The Compare Tables transformation can be used to detect changes between two tables. It can compare a source table to another table, or it can compare a source table to a cross-reference table that includes a compare digest. This transformation supports either a direct lookup (hash object) or a disk-based compare through a MERGE statement. The hash lookup will perform faster but requires that the entire table fit into memory. If this is not practical, you can choose the MERGE statement method instead. The transformation can handle New, Update Missing, and Unchanged tables as output. You can choose to retain or delete any of the possible outputs as needed to increase efficiency. The transformation generates its results in a single pass of the data.
The SCD Type 1 Loader is used for Type 1 slowly changing dimension processing. It will detect value changes between the source and target tables and then overwrite the target table values with the source table values when a change is detected.
The SQL Set Operators transformation generates a PROC SQL statement combines the results of two or more queries by using the following set operators:
  • UNION – produces all unique rows from both queries
  • EXCEPT – produces rows that are part of the first query only
  • INTERSECT – produces rows that are common to both query results
  • OUTER UNION – concatenates the query results
The SQL Set Operator transformation is often faster than the SQL Join transformation. You can write complex queries on either side of the SQL Set Operator, combining results sets that have the same attributes but require different access paths. You can create two select statements and then combine them with an SQL Set operator, rather than trying to integrate all logic into a single join. The new transformation supports full pushdown capability so that the entire transformation will be pushed down to the database when the source and target schemas match.

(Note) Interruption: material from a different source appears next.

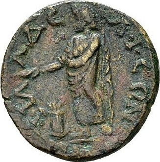 Zeus Lydios standing facing, looking left, holding long sceptre and patera over an altar
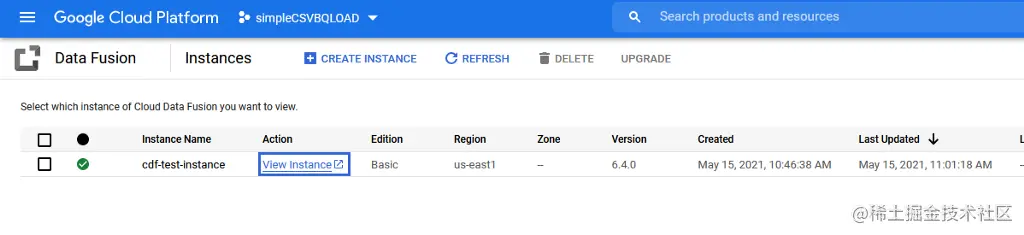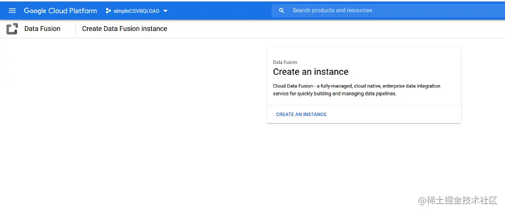 一旦API被启用,在左边的菜单中导航到数据融合,点击创建实例。

The Oracle Bulk Table Loader supports all bulk-load options for Oracle tables. You can select options that affect how indexes, constraints, and table statistics are handled, including the percentage of rows sampled when gathering statistics. You can configure other Oracle load options as well, such as partition support, commit level, and Direct Path load support.
The Standardize with Definition transformation applies a selected DataFlux® Data Management Studio definition to a source column in order to standardize the data according to a set of rules.

Integration with DataFlux Data Management Platform

DataFlux, a SAS company, recently released the DataFlux Data Management Platform. This platform provides a single environment for managing data quality, data integration, and master data management (MDM). Enterprise bundles that include SAS Data Integration Studio now also include the DataFlux Data Management Platform. One component of the new platform is DataFlux Data Management Studio, which is a desktop client that combines data quality and data integration features.
The data quality features of the platform are especially useful for SAS Data Integration Studio jobs. For example, you can use DataFlux Data Management Studio to analyze and cleanse source data before it is included in SAS Data Integration Studio jobs. You can use DataFlux data quality schemes and definitions in SAS Data Integration Studio jobs. You can also execute DataFlux jobs, profiles, and services from SAS Data Integration Studio.